WHAT THE TASK REQUIRES - Reproduce the listing word for word. Skip any image.

PROVIDED MATERIAL -
----------------------------------------

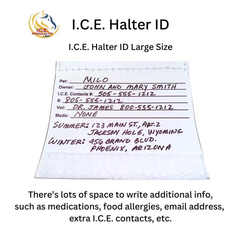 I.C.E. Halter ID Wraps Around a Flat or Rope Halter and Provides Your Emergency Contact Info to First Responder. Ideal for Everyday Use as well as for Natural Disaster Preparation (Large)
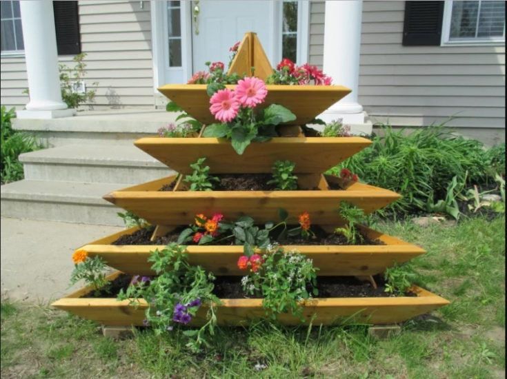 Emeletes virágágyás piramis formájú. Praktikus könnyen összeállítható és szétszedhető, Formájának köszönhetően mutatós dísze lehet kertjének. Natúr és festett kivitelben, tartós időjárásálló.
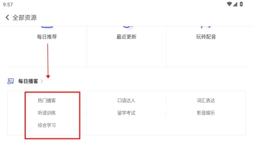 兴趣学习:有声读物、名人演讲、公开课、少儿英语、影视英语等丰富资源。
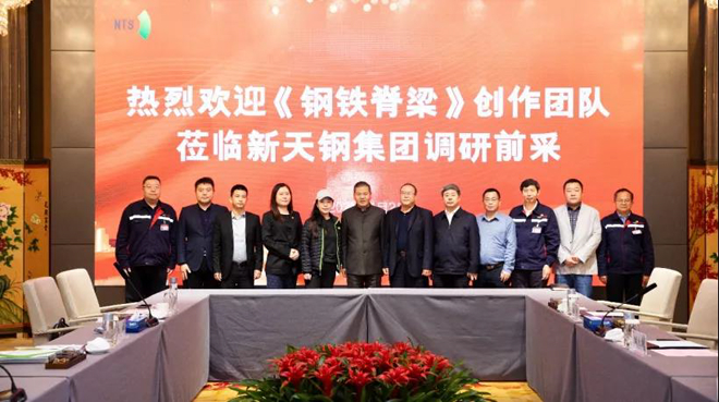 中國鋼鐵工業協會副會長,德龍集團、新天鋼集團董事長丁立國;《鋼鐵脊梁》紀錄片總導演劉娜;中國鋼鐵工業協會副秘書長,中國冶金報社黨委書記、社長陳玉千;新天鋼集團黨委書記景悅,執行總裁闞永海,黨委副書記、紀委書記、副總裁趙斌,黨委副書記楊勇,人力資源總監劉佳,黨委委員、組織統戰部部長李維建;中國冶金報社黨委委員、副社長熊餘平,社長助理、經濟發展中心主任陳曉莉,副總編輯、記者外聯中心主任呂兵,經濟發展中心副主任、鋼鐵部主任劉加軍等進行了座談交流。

----------------------------------------

WRITTEN ANSWER -
 I.C.E. Halter ID Wraps Around a Flat or Rope Halter and Provides Your Emergency Contact Info to First Responder. Ideal for Everyday Use as well as for Natural Disaster Preparation (Large)
 Emeletes virágágyás piramis formájú. Praktikus könnyen összeállítható és szétszedhető, Formájának köszönhetően mutatós dísze lehet kertjének. Natúr és festett kivitelben, tartós időjárásálló.
 兴趣学习:有声读物、名人演讲、公开课、少儿英语、影视英语等丰富资源。
 中國鋼鐵工業協會副會長,德龍集團、新天鋼集團董事長丁立國;《鋼鐵脊梁》紀錄片總導演劉娜;中國鋼鐵工業協會副秘書長,中國冶金報社黨委書記、社長陳玉千;新天鋼集團黨委書記景悅,執行總裁闞永海,黨委副書記、紀委書記、副總裁趙斌,黨委副書記楊勇,人力資源總監劉佳,黨委委員、組織統戰部部長李維建;中國冶金報社黨委委員、副社長熊餘平,社長助理、經濟發展中心主任陳曉莉,副總編輯、記者外聯中心主任呂兵,經濟發展中心副主任、鋼鐵部主任劉加軍等進行了座談交流。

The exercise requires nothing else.